▼

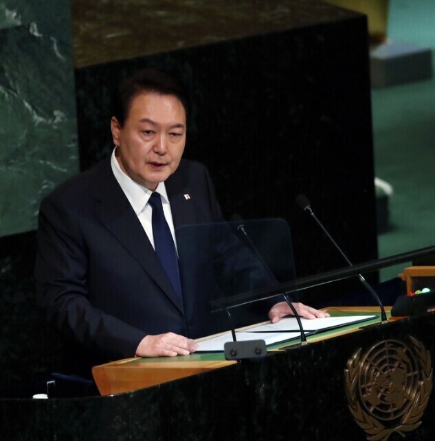 | ▲ 윤석열 대통령이 지난해 9월 20일(현지시간) 미국 뉴욕 유엔 총회장에서 기조연설을 하고 있다. [뉴시스] |
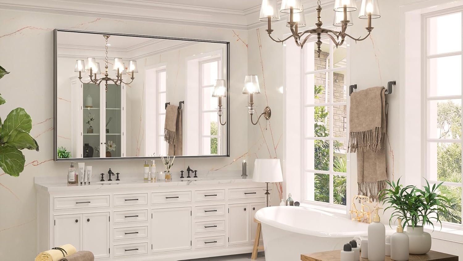 - 【Exceptional Quality】Our black rectangle bathroom mirror is made of HD 5mm glass, bright and anti-distortion, which provides excellent reflection. Aluminum alloy frame and PVC shatterproof film would strengthen the floating glass for safety, waterproof and anti-corrosion in wet bathroom environments.
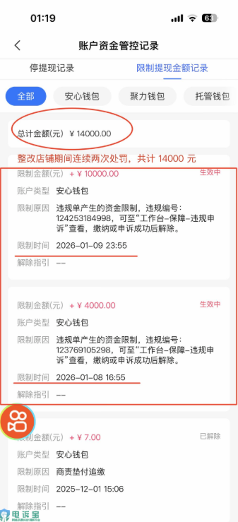 1月27日,河南省的岳先生向“电诉宝”投诉称,其作为快手平台商家,在1月8日16时54分因“推广违规品”被平台处罚4000元违约金。岳先生已认识到问题并进行申诉和整改,两次申诉均失败,正处于协商处理阶段。但在1月9日23时53分,平台再次以同类违规为由,对其追加罚款10000元。岳先生认为,平台未给予合理整改时间(后台应能查到其已在整改下架商品),且在第一次违规处理(申诉、协商)未完成的情况下连续罚款,加重了处罚。岳先生表示第一次罚款是因不熟悉规则,愿意承担;但认为第二次罚款属于误判或不合理,诉求是免除第二次10000元罚款。

▲

§ **TASK DESCRIPTION**:
Drop the pictures and copy the data exactly.

§ **WRITTEN SOLUTION**:
 | ▲ 윤석열 대통령이 지난해 9월 20일(현지시간) 미국 뉴욕 유엔 총회장에서 기조연설을 하고 있다. [뉴시스] |
 - 【Exceptional Quality】Our black rectangle bathroom mirror is made of HD 5mm glass, bright and anti-distortion, which provides excellent reflection. Aluminum alloy frame and PVC shatterproof film would strengthen the floating glass for safety, waterproof and anti-corrosion in wet bathroom environments.
 1月27日,河南省的岳先生向“电诉宝”投诉称,其作为快手平台商家,在1月8日16时54分因“推广违规品”被平台处罚4000元违约金。岳先生已认识到问题并进行申诉和整改,两次申诉均失败,正处于协商处理阶段。但在1月9日23时53分,平台再次以同类违规为由,对其追加罚款10000元。岳先生认为,平台未给予合理整改时间(后台应能查到其已在整改下架商品),且在第一次违规处理(申诉、协商)未完成的情况下连续罚款,加重了处罚。岳先生表示第一次罚款是因不熟悉规则,愿意承担;但认为第二次罚款属于误判或不合理,诉求是免除第二次10000元罚款。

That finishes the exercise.